Private L.A. is the third book of the Jack Morgan series. The Goodreads website considers this the seventh book of the series, as four spin-off novels have been written about Private operations in other locations. This novel was written by James Patterson and Mark T. Sullivan. It appears more books in this series are to follow.

==Plot==
This book has several plots. Most directly involve Jack Morgan, the owner of Private, a private investigation company started by his father. One plot involves the disappearance of a Hollywood acting couple and their three adopted children. While investigating their disappearance, Justine Smith, Morgan's friend and employee, faces death in one situation. This experience changes her perception of herself and she has to sort her emotions out that result from this. Another plot involves the legal problems of Jack's brother Tommy.
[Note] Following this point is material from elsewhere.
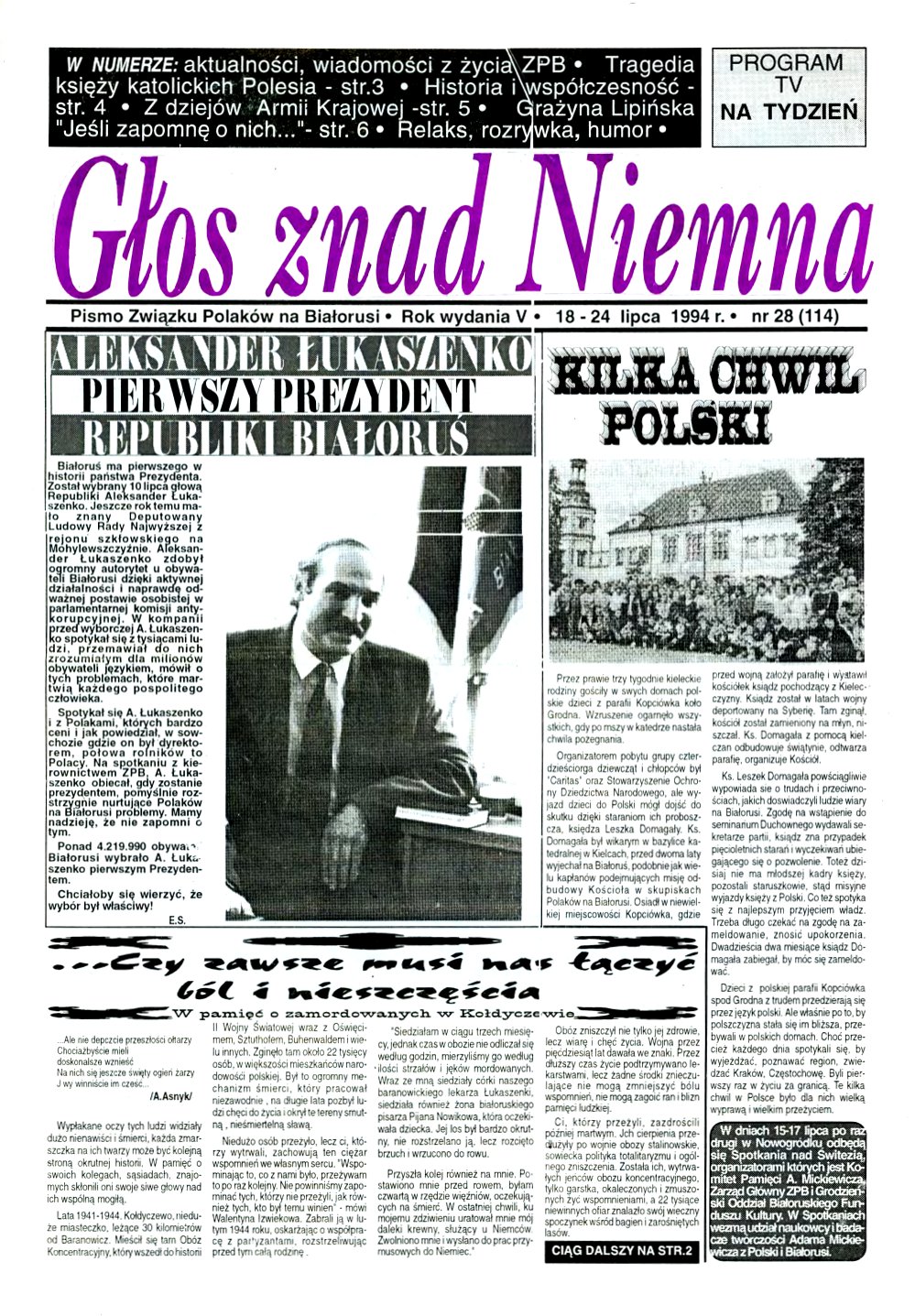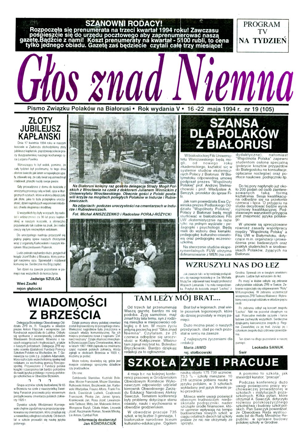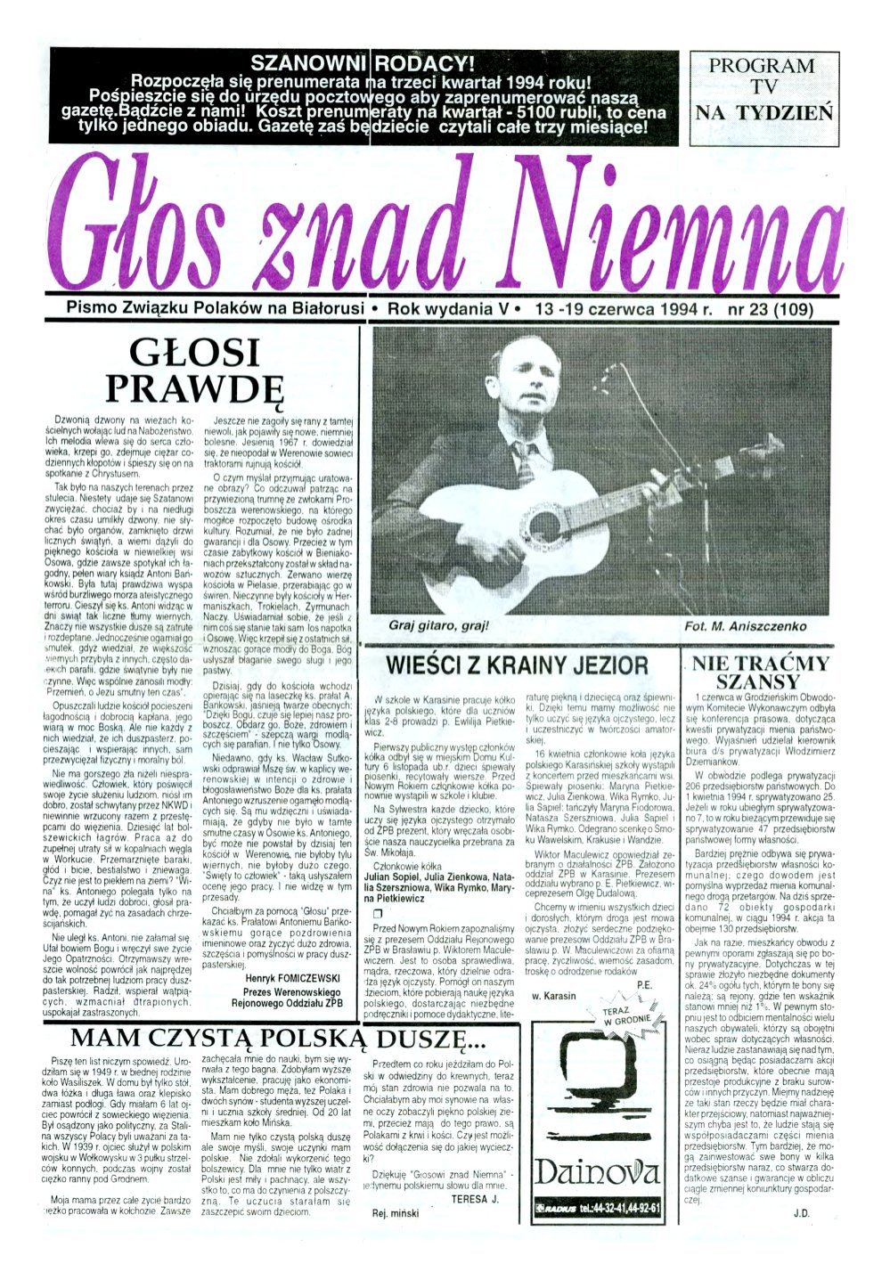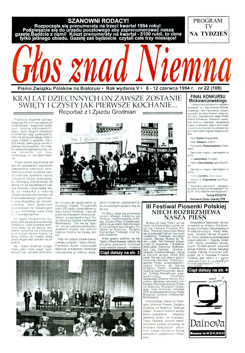 Głos znad Niemna – polskojęzyczny tygodnik wydawany na Białorusi od 3 grudnia 1989 roku; organ prasowy Związku Polaków na Białorusi. Twórcą i pierwszym redaktorem pisma był Eugeniusz Skrobocki z Grodna. Dzięki jego zaangażowaniu pierwsze numery „Głosu znad Niemna” otrzymał Papież Jan Paweł II podczas prywatnej audiencji władz Związku w Watykanie w roku 1990. Pierwszy numer ukazał się jako dodatek specjalny do Czerwonego Sztandaru z okaz... Болей »

Tommy seeks to bring Jack down with himself and Jack has to find a way to steer clear of his brother's problems. Another plot involves Private in a case where a killer or group of killers, known as No Prisoners, is randomly targeting people in public places and killing them to extort money in exchange for ceasing the killings.

==Reviews==
This book received some acclaim. It appeared on the USA Today bestseller list for at least 13 weeks and was at one point the top book on this list. The Bookreporter website has a very favorable review of this book. The review says, "There is plenty to enjoy here, with no question that Patterson’s regular and occasional readers, as well as those reading his work for the first time, will be fully satisfied."